** PROBLEM DESCRIPTION **
Leaving the pictures aside, transcribe every line below exactly.

** DATA **
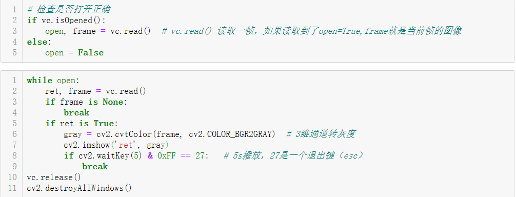 cv2.VideoCapture可以捕获摄像头,用数字来控制不同的设备,例如0,1。vc = cv2.VideoCapture("../img/test.mp4")如果是视频文件,直接指定好路径即可。
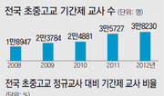‘학교에 변태가 들어온 것 아닌가요?’ 17일 오후 서울 양천구의 한 고등학교에서 일어난 ‘기간제 교사의 음란행위’ 사건을 촬영한 동영상을 보고 한 누리꾼이 남긴 말이다. 동영상에는 이 학교의 기간제 한문 교사로 학생들을 가르치던 이모 씨(55)가 3학년 여학생 교실 앞 복도에서 성기를 꺼내 손으로 잡고 흔드는 모습이 담겨 있다. “선생님으로서 결코 용납할 수 없는 행동”이라는 비판이 줄을 이었다. 고등학교 2학년 딸을 둔 주부 황모 씨(46·여)는 “이야기를 듣고 소설인 줄 알았다. 그런 사람이 지금까지 교단에 서 왔다는 것 자체가 믿기지 않는다”고 했다. 문제의 교사 이 씨는 대학을 졸업한 뒤 20년 가까이 기간제 교사로 교단에 섰다. 기간제 교사는 정규 교사의 휴직 등으로 학교에서 선생님이 필요할 경우 몇 개월 단위로 계약해 근무하는 임시 교사를 말한다. 사건을 수사 중인 서울 양천경찰서 관계자는 18일 “이 씨가 평소에 학생들에게 ‘내가 무술 유단자로 힘이 세다’는 뜬금없는 말을 하거나 수업시간에 갑자기 발차기를 하는 등 특이행동을 보이기도 했다”고 밝혔다. 경찰은 이날 이 씨의 구속영장을 신청했다. 이 씨는 2개월 전 아내와 별거에 들어갔으며 10대 후반의 딸이 있는 것으로 알려졌다. 이 씨뿐만 아니라 최근 일부 기간제 교사들이 비상식적인 행동으로 물의를 빚곤 했다. 지난달에는 충북 청주시의 한 중학교에서 담임을 맡은 기간제 교사가 자신의 통장 계좌번호가 적힌 명함을 학생들에게 나눠줘 논란이 일었다. 지난해 12월에는 경기 용인시의 한 고등학교 기간제 영어 교사가 기말고사 영어시험 문제 초안을 한 학생에게 건넸다가 적발됐다. 기간제 교사 채용 시스템에 문제가 있는 것이 아니냐는 지적이 제기되는 이유가 여기에 있다. 교육부에 따르면 최근 5년 동안 전국의 초중고교 기간제 교사 수는 2008년 1만8947명에서 2012년 3만8230명으로 두 배 이상으로 증가했다. 정규 교사 대비 기간제 교사 비율도 2008년 4.92%에서 지난해 9.87%로 4.95%포인트 늘어났다. 서울시교육청 관계자는 “출산으로 인한 휴직이 많이 발생하고 있는데 어떤 과목에서 휴직 교사가 생길지 예측할 수 없어 현실적으로 기간제 교사로 대체할 수밖에 없다”고 말했다. 기간제 채용과 관리는 전적으로 학교장 재량에 따라 이뤄진다. 기간제 교사를 채용할 때 전에 근무했던 학교에 문의해 근무 자세 등을 물어본 뒤 채용하도록 교육청에서 지침을 내리지만 법으로 정해진 절차가 아니기 때문에 교육청에서 단속하거나 강제할 수 없다. 학교장이 심사위원회를 구성해 면접을 거치고 수업 시연도 시키지만 실제 제대로 진행했는지에 대해서는 교육청의 감독 권한이 없다. 법적으로 기간제 교사의 채용, 관리 모두 학교장의 권한이다. 또 기간제 교사에 대한 평가 기록도 해당 학교만 보유하고 있다. 사건이 일어난 뒤 이 씨가 근무했던 학교들로부터 이 씨에 대한 평가를 받아본 서울시교육청 관계자는 “어떤 학교에서는 ‘학생들을 함부로 다뤄 문제가 있다’고 평가한 반면에 다른 학교에서는 ‘애들을 잘 가르쳤다’고 평가했다”고 밝혔다. 김동석 한국교원단체총연합회 정책본부장은 “모든 기간제 교사를 도매금으로 매도해서는 안 된다”면서도 “출산·육아 휴직 등으로 생기는 결원은 시간이 촉박한 상태에서 급하게 기간제 교사를 채용해야 하기 때문에 교사로서의 인성, 도덕성 등에 대한 검증이 미흡할 수밖에 없다”고 말했다. 올해 2월까지 서울의 한 중학교에서 기간제 교사로 일하다 최근 임용된 A 씨(27·여)는 “기간제 교사로 계약하기 전에 면접을 보면서 일주일에 두 번은 오후에 남아 공부방을 지도해야 한다는 조건을 걸어 받아들여야만 채용을 하겠다고 했다”며 “정규 교사는 신규 연수를 받으며 교육자로서의 자세에 대한 내용도 연수를 받지만 기간제 교사는 그런 연수 없이 바로 현장에 투입되고 있다”고 말했다.박희창·주애진 기자 ramblas@donga.com}
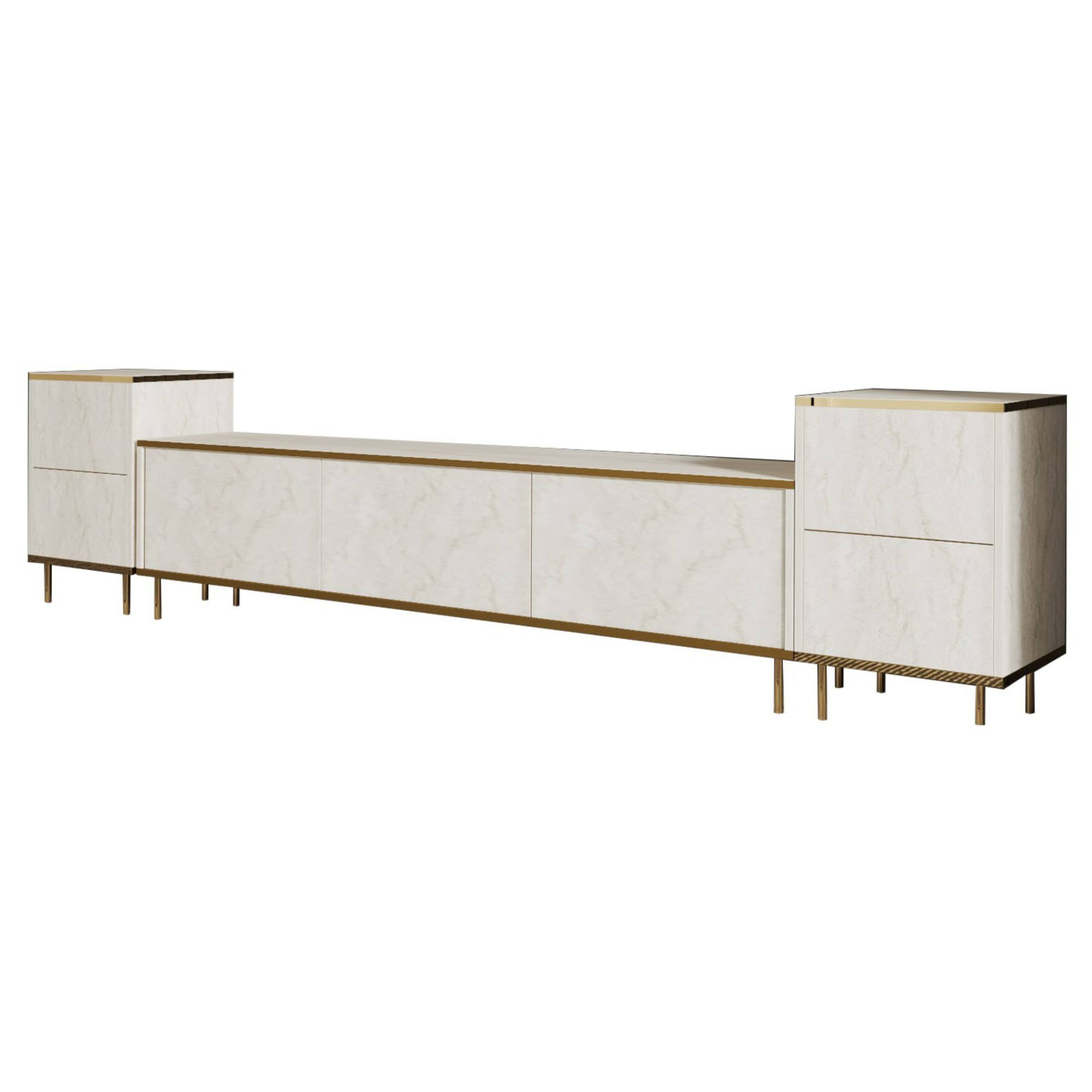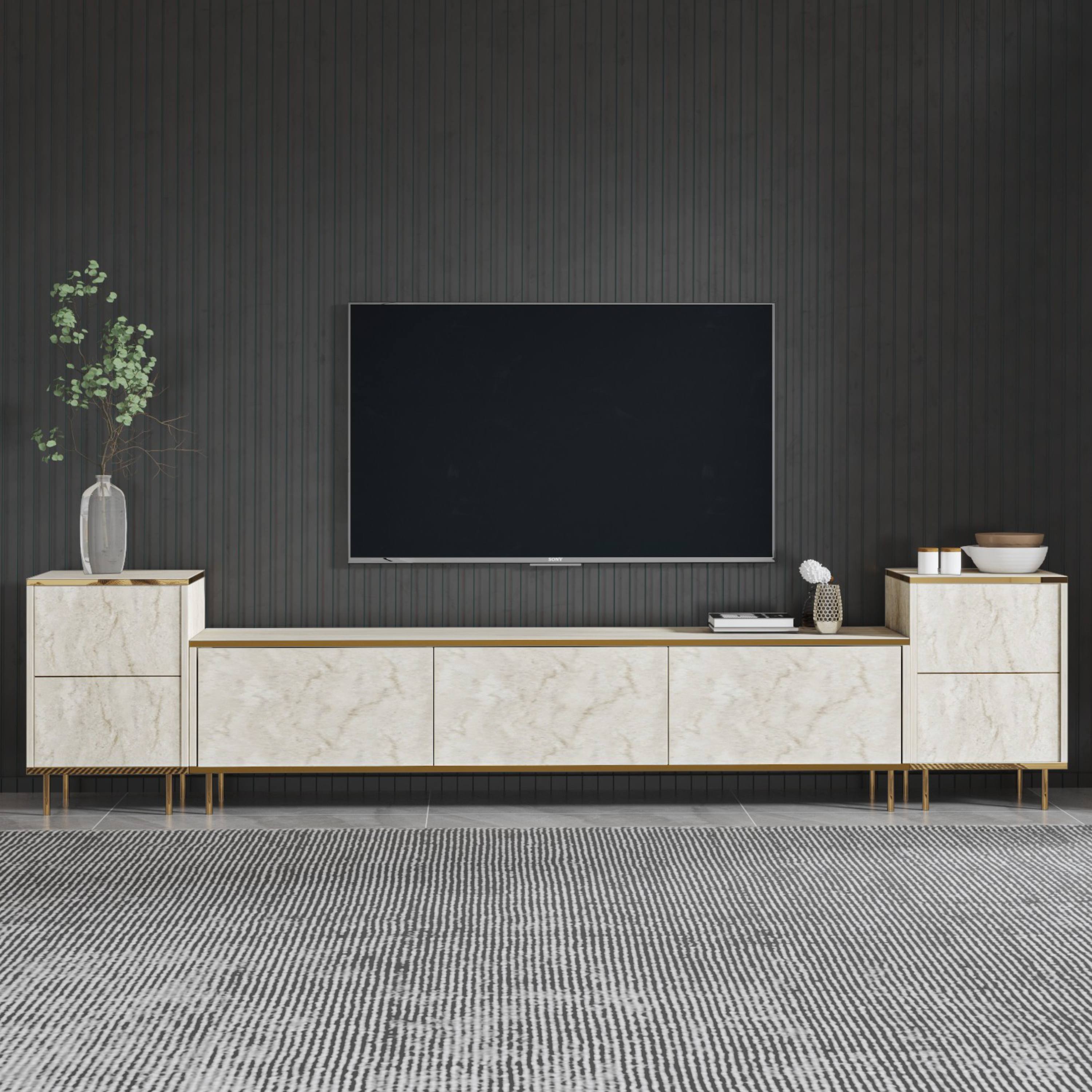 Hlavním prvkem je široká TV komoda disponující množstvím uzavíratelného, úložného prostoru, kam ukryjete nejen TV příslušenství, ale i další nezbytnosti. Uzavírají ji 3 výklopné dveře, které umožňují naplno využít vnitřní prostor. Komodu doplňují 2 malé skříňky, kdy každá z nich je vybavena vloženou policí za otočnými dveřmi. Set je vyroben z laminované dřevotřísky s povrchem nenáročným na údržbu.

** SOLUTION TO THIS EXERCISE **
 cv2.VideoCapture可以捕获摄像头,用数字来控制不同的设备,例如0,1。vc = cv2.VideoCapture("../img/test.mp4")如果是视频文件,直接指定好路径即可。
‘학교에 변태가 들어온 것 아닌가요?’ 17일 오후 서울 양천구의 한 고등학교에서 일어난 ‘기간제 교사의 음란행위’ 사건을 촬영한 동영상을 보고 한 누리꾼이 남긴 말이다. 동영상에는 이 학교의 기간제 한문 교사로 학생들을 가르치던 이모 씨(55)가 3학년 여학생 교실 앞 복도에서 성기를 꺼내 손으로 잡고 흔드는 모습이 담겨 있다. “선생님으로서 결코 용납할 수 없는 행동”이라는 비판이 줄을 이었다. 고등학교 2학년 딸을 둔 주부 황모 씨(46·여)는 “이야기를 듣고 소설인 줄 알았다. 그런 사람이 지금까지 교단에 서 왔다는 것 자체가 믿기지 않는다”고 했다. 문제의 교사 이 씨는 대학을 졸업한 뒤 20년 가까이 기간제 교사로 교단에 섰다. 기간제 교사는 정규 교사의 휴직 등으로 학교에서 선생님이 필요할 경우 몇 개월 단위로 계약해 근무하는 임시 교사를 말한다. 사건을 수사 중인 서울 양천경찰서 관계자는 18일 “이 씨가 평소에 학생들에게 ‘내가 무술 유단자로 힘이 세다’는 뜬금없는 말을 하거나 수업시간에 갑자기 발차기를 하는 등 특이행동을 보이기도 했다”고 밝혔다. 경찰은 이날 이 씨의 구속영장을 신청했다. 이 씨는 2개월 전 아내와 별거에 들어갔으며 10대 후반의 딸이 있는 것으로 알려졌다. 이 씨뿐만 아니라 최근 일부 기간제 교사들이 비상식적인 행동으로 물의를 빚곤 했다. 지난달에는 충북 청주시의 한 중학교에서 담임을 맡은 기간제 교사가 자신의 통장 계좌번호가 적힌 명함을 학생들에게 나눠줘 논란이 일었다. 지난해 12월에는 경기 용인시의 한 고등학교 기간제 영어 교사가 기말고사 영어시험 문제 초안을 한 학생에게 건넸다가 적발됐다. 기간제 교사 채용 시스템에 문제가 있는 것이 아니냐는 지적이 제기되는 이유가 여기에 있다. 교육부에 따르면 최근 5년 동안 전국의 초중고교 기간제 교사 수는 2008년 1만8947명에서 2012년 3만8230명으로 두 배 이상으로 증가했다. 정규 교사 대비 기간제 교사 비율도 2008년 4.92%에서 지난해 9.87%로 4.95%포인트 늘어났다. 서울시교육청 관계자는 “출산으로 인한 휴직이 많이 발생하고 있는데 어떤 과목에서 휴직 교사가 생길지 예측할 수 없어 현실적으로 기간제 교사로 대체할 수밖에 없다”고 말했다. 기간제 채용과 관리는 전적으로 학교장 재량에 따라 이뤄진다. 기간제 교사를 채용할 때 전에 근무했던 학교에 문의해 근무 자세 등을 물어본 뒤 채용하도록 교육청에서 지침을 내리지만 법으로 정해진 절차가 아니기 때문에 교육청에서 단속하거나 강제할 수 없다. 학교장이 심사위원회를 구성해 면접을 거치고 수업 시연도 시키지만 실제 제대로 진행했는지에 대해서는 교육청의 감독 권한이 없다. 법적으로 기간제 교사의 채용, 관리 모두 학교장의 권한이다. 또 기간제 교사에 대한 평가 기록도 해당 학교만 보유하고 있다. 사건이 일어난 뒤 이 씨가 근무했던 학교들로부터 이 씨에 대한 평가를 받아본 서울시교육청 관계자는 “어떤 학교에서는 ‘학생들을 함부로 다뤄 문제가 있다’고 평가한 반면에 다른 학교에서는 ‘애들을 잘 가르쳤다’고 평가했다”고 밝혔다. 김동석 한국교원단체총연합회 정책본부장은 “모든 기간제 교사를 도매금으로 매도해서는 안 된다”면서도 “출산·육아 휴직 등으로 생기는 결원은 시간이 촉박한 상태에서 급하게 기간제 교사를 채용해야 하기 때문에 교사로서의 인성, 도덕성 등에 대한 검증이 미흡할 수밖에 없다”고 말했다. 올해 2월까지 서울의 한 중학교에서 기간제 교사로 일하다 최근 임용된 A 씨(27·여)는 “기간제 교사로 계약하기 전에 면접을 보면서 일주일에 두 번은 오후에 남아 공부방을 지도해야 한다는 조건을 걸어 받아들여야만 채용을 하겠다고 했다”며 “정규 교사는 신규 연수를 받으며 교육자로서의 자세에 대한 내용도 연수를 받지만 기간제 교사는 그런 연수 없이 바로 현장에 투입되고 있다”고 말했다.박희창·주애진 기자 ramblas@donga.com}
 Hlavním prvkem je široká TV komoda disponující množstvím uzavíratelného, úložného prostoru, kam ukryjete nejen TV příslušenství, ale i další nezbytnosti. Uzavírají ji 3 výklopné dveře, které umožňují naplno využít vnitřní prostor. Komodu doplňují 2 malé skříňky, kdy každá z nich je vybavena vloženou policí za otočnými dveřmi. Set je vyroben z laminované dřevotřísky s povrchem nenáročným na údržbu.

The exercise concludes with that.